В комнате прибрал немного, чувствую себя и дышу как человек. И настроение около дела. Своему организму тоже надо давать отдых. Но на душе не ахти как хорошо — кирпич дают плохой, не подходящий, а делать Святые ворота заставляют. Авось в этом году не заставят, потому что уже конец лета, которого, правда, мы не видели. Зима была одна из суровейших за последние годы. И лета, похоже, уже не предвидится. Тихий ужас на белом свете.

Этот завхоз в черных очках опять сегодня мне сказал: «Завтра можешь не приходить на работу, ты рассчитан…» Чья мощная рука направляет меня в пасть этого человека в темных очках? Разве он человек, этот послевоенный «наполеончик»? Мы — последнее поколение после фронтовиков, которое в свои 10–11–12 лет рвалось на фронт… Хотели жертвовать собой. А он только выгоды ищет! Но я, завхоз, на тебя: чхи, чхи! Даже с того света! Лопское — вот кто мой настоящий товарищ и друг!
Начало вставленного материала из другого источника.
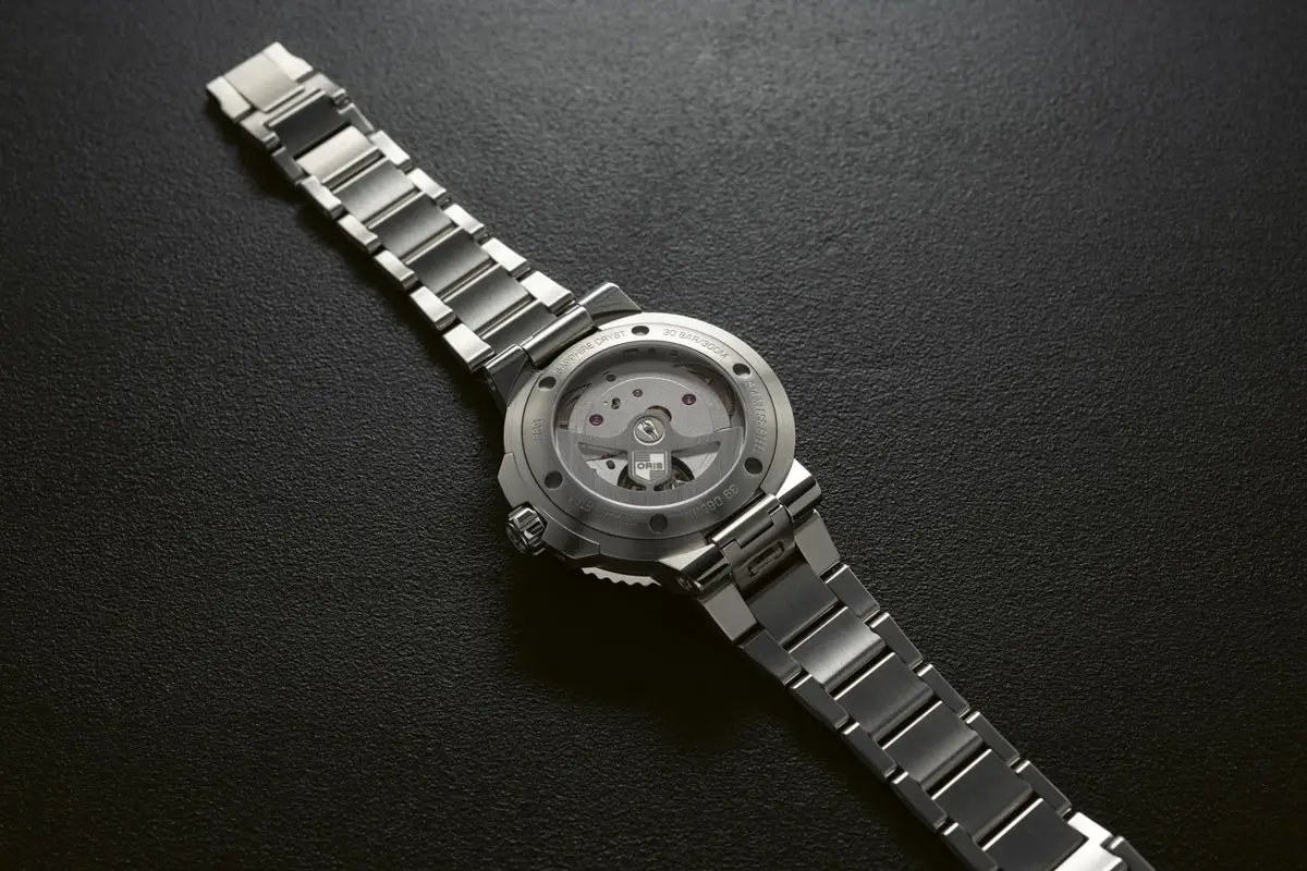 The Aquis models feature an integrated bracelet or rubber strap, distinctive indices and luminescent hands, as well as precision automatic movements, including the in-house calibre Oris 400 with a power reserve of up to 120 hours. The collection also offers complications such as GMT, date, small seconds or depth gauge.
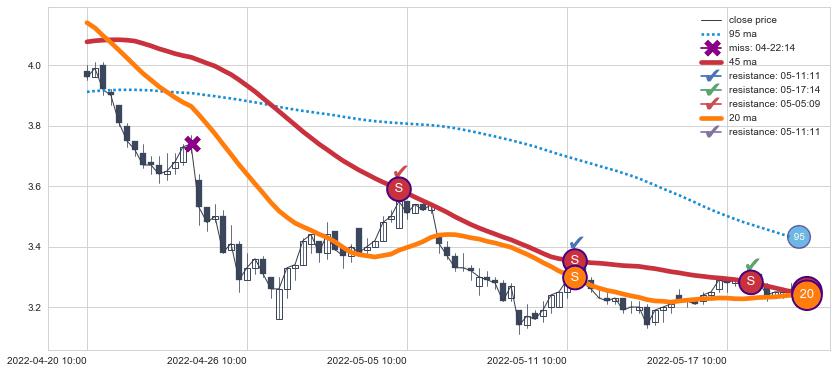 04-20 10:00至05-20 11:00 慢线与快线呈空头排列, 慢线与快线接触少,无缠绕

Чудеса в природе. Полночь. Лунная ночь. Мороз -15°, -20°. Звезды мигают. Ветерок. Неполная, но яркая луна уставилась на север, который, как моська, гавкает на нее и брызгает сполохами северного сияния.
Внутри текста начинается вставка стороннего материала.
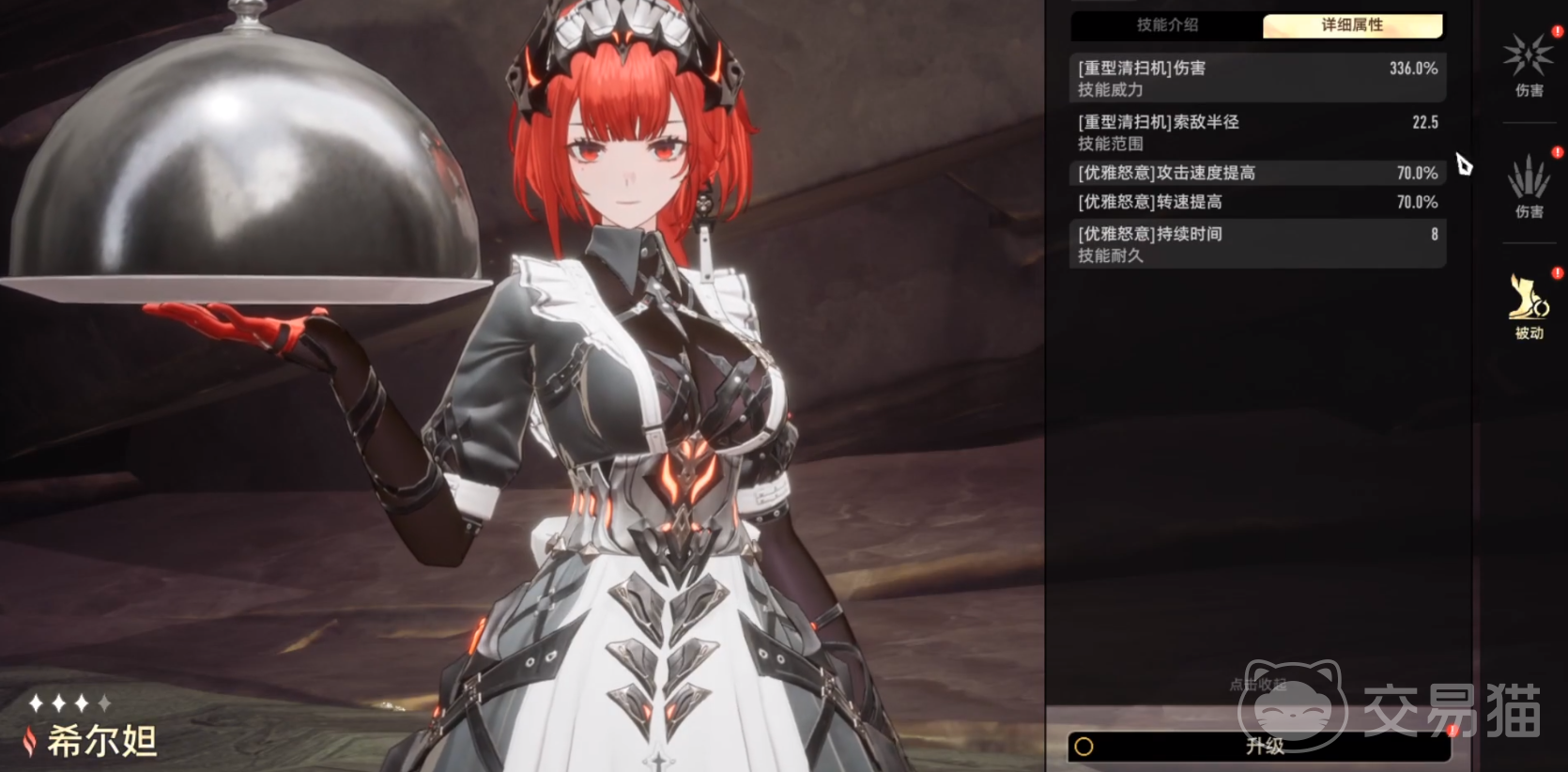自动保洁:希尔妲携带2座[重型清扫机],这些清扫机会自动寻找周围的敌人并进行瞄准,每隔3秒射击一次,造成火属性伤害。闪避时,她将远程武器的弹夹装填至最大值,并在一段时间内获得[优雅怒意]。该效果可以提升[清扫机]的攻击速度和[高温清扫]的转速。
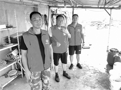 山后村有养殖塘3600余亩,地域范围非常广。王爱卫每天天蒙蒙亮就出发,挨个做养殖户思想工作。面对“顽固留守分子”,他不厌其烦,以情动人。“无论何时,生命安全都是摆在第一位的。真要是出现了险情,你们在现场也危险。”为防养殖户回流,他每天巡逻三趟,逐一排查,反复确认,以策安全。

Сегодня в семь вечера по всей стране была минута молчания. Был бы я года на четыре постарше, тоже бы попал в эту мясорубку и вряд ли остался в живых. Сейчас у меня под боком старость и смерть, которую я хочу встретить на Соловках. А мог бы в 45-ом лежать нецелованным, не познавшим жизни в какой-нибудь стране Европы, а может быть и не лежать, потому что от прямых попаданий снарядов, бомб и мокрого места от человека не остается.

Сколько вполне здоровых крепких старинных зданий снесли, сносят и будут сносить! Целые улицы, проспекты по всему Союзу. И ставят на их месте трафареты-инкубаторы. А ведь многие порушенные здания имеют архитектурную и историческую ценность. В Москве памятники передвигают, а у нас уничтожают. Разрушили старинные торговые ряды и много других зданий. Злости не хватает на тех людей, которые подписи дают на снос зданий-«стариков». Просто их по голому месту надо лупить. Неучи с дипломами!
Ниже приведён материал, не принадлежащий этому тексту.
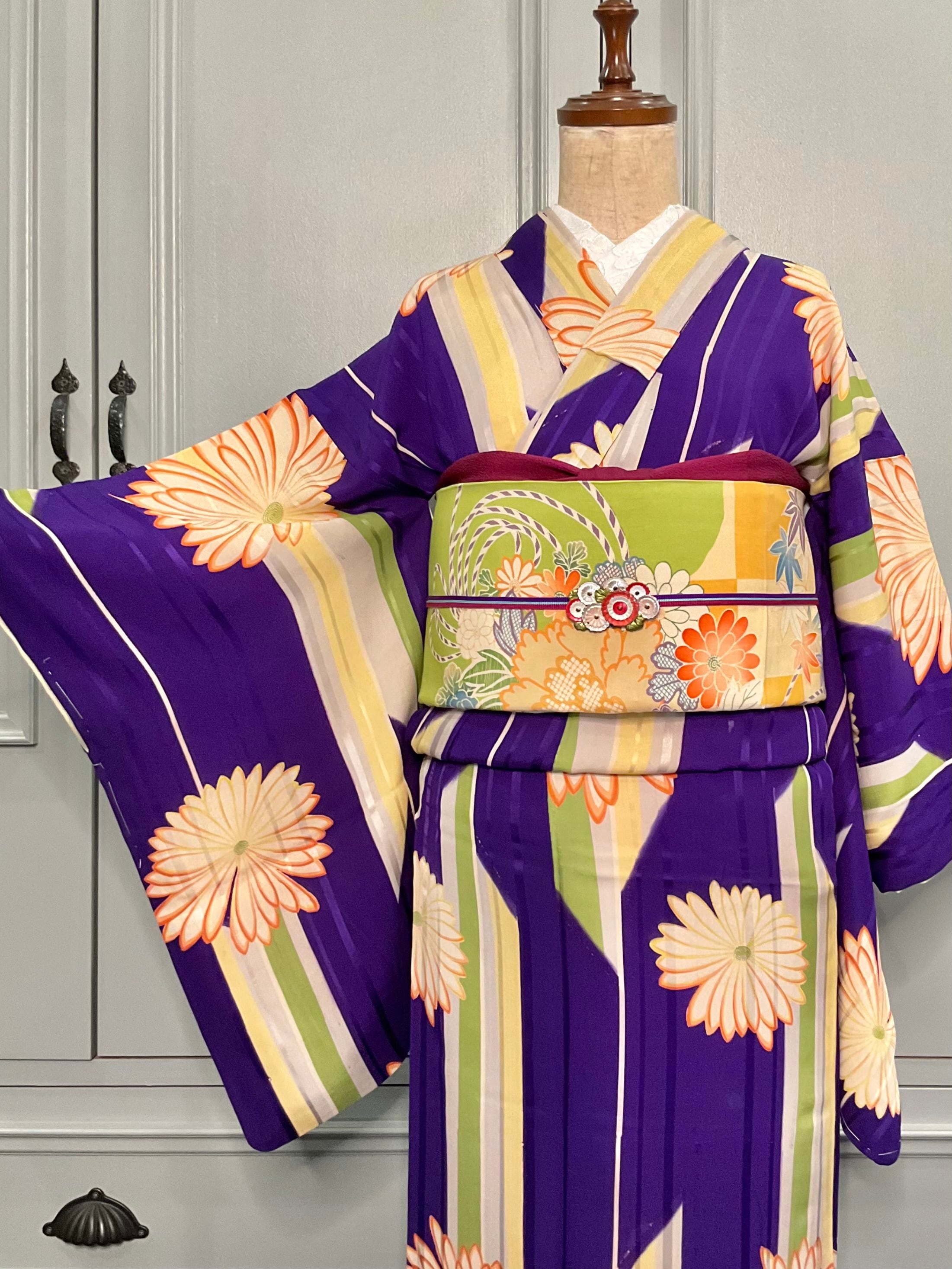 アンティークらしいパープル地に、大きな菊の花と矢羽根のモダンなデザインが素敵ですね♡

Завтра на Соловках будут отмечать 550-летие Соловецкого монастыря. Мне через две недели исполнится 55 лет. То есть я с монастырем почти ровесник. Разница маленькая — мне к юбилейной дате всего лишь нуля не хватает.

Если говорить всерьез, я имею самое прямое отношение к Соловецкому монастырю. И моя доля есть в реставрации-восстановлении Кремля Соловецкого. Я этим горжусь. Моя работа во внутренних помещениях при хорошей кровле будет стоять столетия. За наружные работы такого сказать уверенно не могу. То, что делал из монастырского кирпича, будет стоять долго, а сделанное из нашего современного кирпича простоит не столетия, а десятилетия от силы. Святые ворота делал менее десяти лет назад, а они уже сыпятся. Материал — дрянь. Реставрация сохнет-усыхает. Силы у меня еще немного есть, желание есть, но реставрации я уже не стал нужен. Власть реставраторская изменилась. Возможно, тогда вспомнят старые кадры. Вспомнят, когда буду лежать на Лопском…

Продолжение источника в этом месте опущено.